When it comes to video streaming, the outage issue is also a major problem for services that depend on content delivery network (CDN) platforms that run on a fixed set of facilities under proprietary control of the CDN operator. Akamai is a case in point with several incidents that generated headlines over the past two years, including two in June and July 2021.

Akamai’s problems were resolved after an hour or so but were disruptive enough to have knocked out online operations at several banks, airlines, and other entities around the world. The risks to companies that depend solely on a single provider like Akamai are unavoidable. As noted by Light Reading, Akamai has acknowledged in at least one quarterly SEC filing that “cybersecurity breaches and attacks on us … could lead to significant costs and disruptions that would harm our business, financial results and reputation.”

Given all that can go wrong when datacenter facilities are used to support complex streaming operations, outages are an inevitable downside to capitalizing on the many benefits that have driven the world’s shift from proprietary hardware to reliance on software running on commodity appliances. Reporting on findings from a comprehensive survey of cloud outages over several years, researchers at the University of Chicago noted, “Service outages are hard to escape from. It has become a new year’s tradition that news websites report the worst cloud outages in the previous year.”

Nor is there any sign that power outages, cyberattacks, software glitches, component failures, and other causes behind the disruptions will diminish anytime soon. As Rob Enderle, principal at the Enderle Group, told the E-Commerce Times following the 2020 AWS outage, “These are complex systems undergoing maintenance at a component level and almost always under attack.”

The New Cross-Cloud Streaming Model

The way forward was well articulated in the aftermath of the December 2021 AWS outage by Yale Law School cybersecurity expert Sean O’Brien. “The latest AWS outage is a prime example of the danger of centralized network infrastructure,” O’Brien said in an interview with CBS. Instead, he added, we need a new network model that resembles “the peer-to-peer roots of the early internet.”
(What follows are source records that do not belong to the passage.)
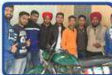
Project . The common objective of the project is to reduce the overall impact of the built environment on human health and the natural environment by reducing waste, efficiently using energy and other resources like converting Wind energy into Electric energy and Kinetic energy into Electric energy.

USET, RBU, has made single cylinder motorbike on dual-fuel operation. This is to run on CNG gas in spite of Petrol.
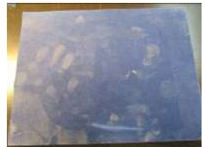
After the water evaporated only crystals were left on the paper from the salt water painting we made the day before.
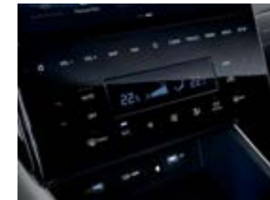
Full auto air conditioning system
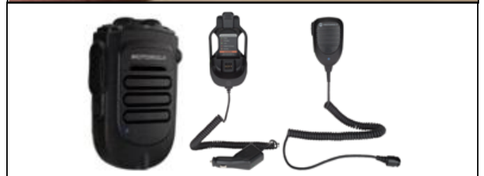
Long Range Wireless Remote Speaker Microphone Kit, for use with MOTOTRBO XPR 4000 and 5000 series mobile radios.

Nothing could be truer when it comes to video streaming, especially when the use cases involve live video streaming. As the ability to stream video in real time becomes ever more essential to applications across every segment of the digital economy, the market can no longer tolerate the risks of relying on traditional approaches to streaming content, whether the support comes from servers of a single IaaS provider or those under exclusive control of a CDN operator.

This is why Red5 Pro’s Experience Delivery Network (XDN) platform is built on a cross-cloud architecture. The platform supports fail-safe real-time streaming across multiple clouds at any distance in any direction with end-to-end latencies no greater than 200ms-400ms and often much lower.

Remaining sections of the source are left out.